#### Exercise data
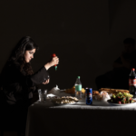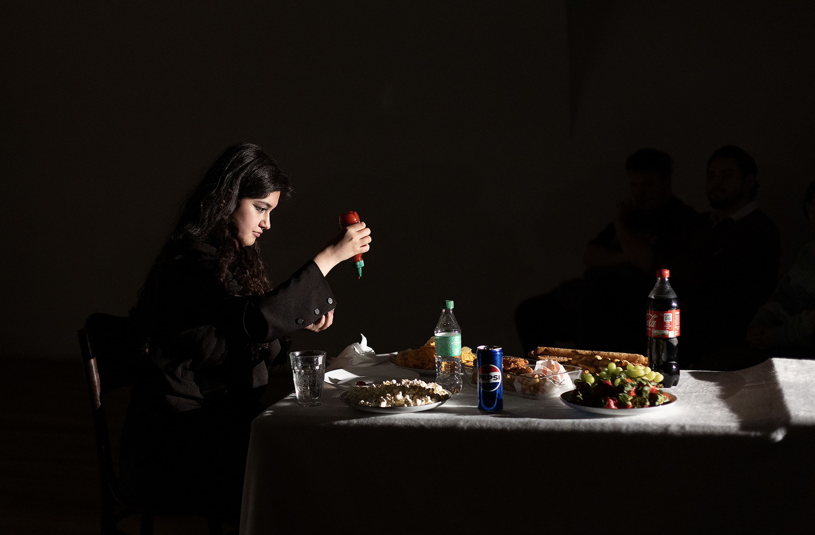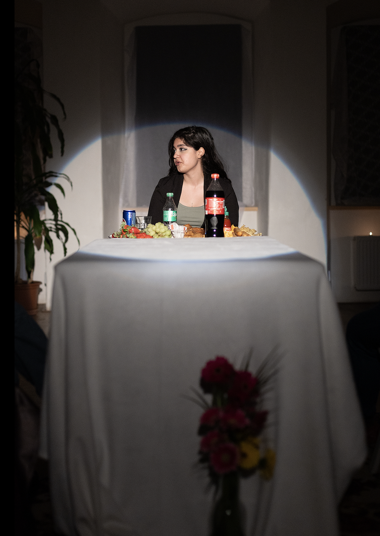 Stůl zde funguje jako místo setkání i jako scénografický prvek. Jídlo prezentované během performance je předem připravené performerstvem, další položky jsou naaranžované jako součást kompozice stolu. Ty vytváří vizuální a smyslovou krajinu, která doprovází vyprávění.
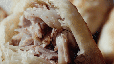 “咬第一口時牙齒先破開脆皮,咔吧一聲,唇邊立刻帶有淡淡的烤糊油香,然後再一氣切開數十層軟面,待得第一口合攏,酥皮碎片、麥香面片以及燻肉精華已經在舌尖混為一團,滿口噴香。”
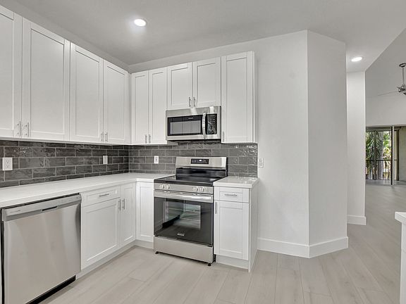 This exquisite top floor coach home with vaulted ceilings is centrally located in the Boca Del Mar area. It offers 3 bedrooms with a den with 2 bathrooms. A bright corner top floor unit. Perfect location to shopping and so many great restaurants. Security is one of the best features. Beautiful front gated entrance with grounds that are kept immaculate. A complete floor to ceiling renovation. EVERYTHING IS BRAND NEW INCLUDING ALL APPLIANCES, PLUMBING, SINKS, FLOORS, TILE, BASEBOARDS, PAINT, SHOWERS AND TUB, FIXTURES, ETC. A community pool and spa is within walking distance. Single car attached garage is perfect for parking or storage. *Everything completely redone *Master Closet Shelving *Attached Single Care Garage *High Vaulted Ceilings *Patio Hurricane Shutters *Corner bright unit Renter is responsible for water, electric and cable. Last months rent is due at signing. A 12 mo minimum lease is required. Applicant must be approved by the association.
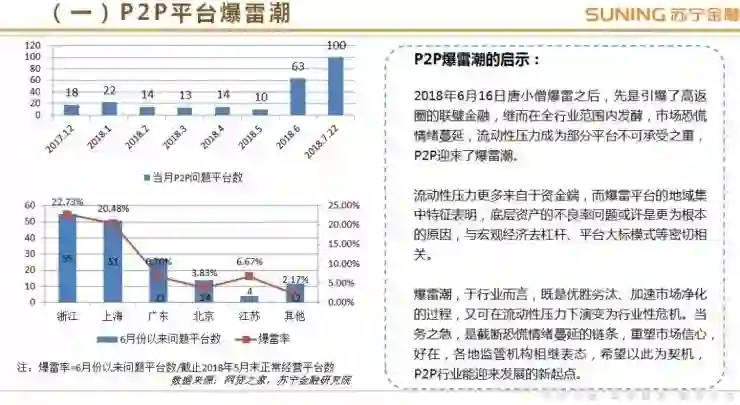 苏宁金融研究院认为,P2P 爆雷潮带来的流动性压力,更多来自于资金端,而爆雷平台的地域集中特征表明,底层资产的不良率问题或许是更为根本的原因,与宏观经济去杠杆、平台大标模式等密切相关。
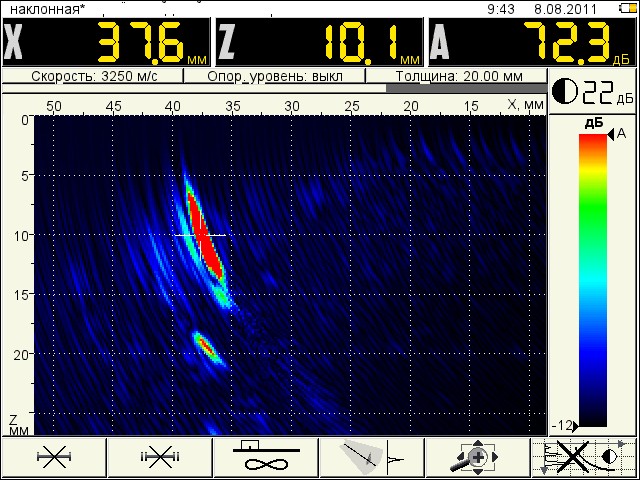 Дефектоскоп — работа в качестве классического дефектоскопа с наклонными и прямыми преобразователями. Сигналы выводятся на экран в виде А-скана.
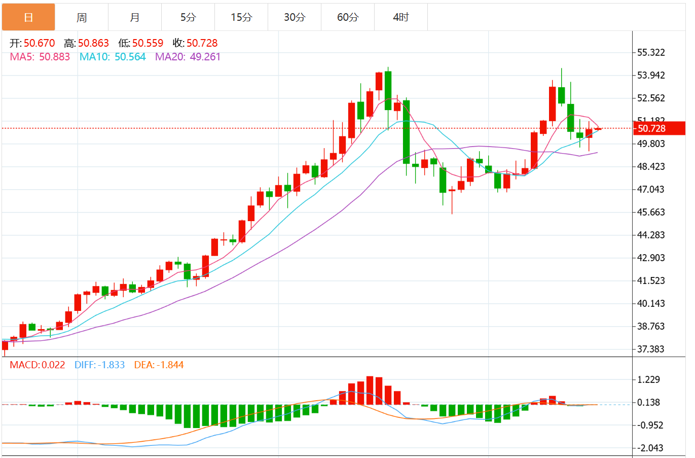 周三(11月26日),现货白银目前位于51.892美元/盎司附近,涨幅为0.85%。 白银价格在最后一个交易日上涨,原因是其在A50上方交易的积极压力仍在继续,此前卸载了其超买条件,为未来一段时间内实现更多收益开辟了道路,准备攻击52.35的关键阻力,A50的积极支撑仍在继续,短期主要看涨趋势占主导地位,并沿着该趋势

#### Exercise brief
Omitting the images, transcribe every record exactly.

#### Expected output
 Stůl zde funguje jako místo setkání i jako scénografický prvek. Jídlo prezentované během performance je předem připravené performerstvem, další položky jsou naaranžované jako součást kompozice stolu. Ty vytváří vizuální a smyslovou krajinu, která doprovází vyprávění.
 “咬第一口時牙齒先破開脆皮,咔吧一聲,唇邊立刻帶有淡淡的烤糊油香,然後再一氣切開數十層軟面,待得第一口合攏,酥皮碎片、麥香面片以及燻肉精華已經在舌尖混為一團,滿口噴香。”
 This exquisite top floor coach home with vaulted ceilings is centrally located in the Boca Del Mar area. It offers 3 bedrooms with a den with 2 bathrooms. A bright corner top floor unit. Perfect location to shopping and so many great restaurants. Security is one of the best features. Beautiful front gated entrance with grounds that are kept immaculate. A complete floor to ceiling renovation. EVERYTHING IS BRAND NEW INCLUDING ALL APPLIANCES, PLUMBING, SINKS, FLOORS, TILE, BASEBOARDS, PAINT, SHOWERS AND TUB, FIXTURES, ETC. A community pool and spa is within walking distance. Single car attached garage is perfect for parking or storage. *Everything completely redone *Master Closet Shelving *Attached Single Care Garage *High Vaulted Ceilings *Patio Hurricane Shutters *Corner bright unit Renter is responsible for water, electric and cable. Last months rent is due at signing. A 12 mo minimum lease is required. Applicant must be approved by the association.
 苏宁金融研究院认为,P2P 爆雷潮带来的流动性压力,更多来自于资金端,而爆雷平台的地域集中特征表明,底层资产的不良率问题或许是更为根本的原因,与宏观经济去杠杆、平台大标模式等密切相关。
 Дефектоскоп — работа в качестве классического дефектоскопа с наклонными и прямыми преобразователями. Сигналы выводятся на экран в виде А-скана.
 周三(11月26日),现货白银目前位于51.892美元/盎司附近,涨幅为0.85%。 白银价格在最后一个交易日上涨,原因是其在A50上方交易的积极压力仍在继续,此前卸载了其超买条件,为未来一段时间内实现更多收益开辟了道路,准备攻击52.35的关键阻力,A50的积极支撑仍在继续,短期主要看涨趋势占主导地位,并沿着该趋势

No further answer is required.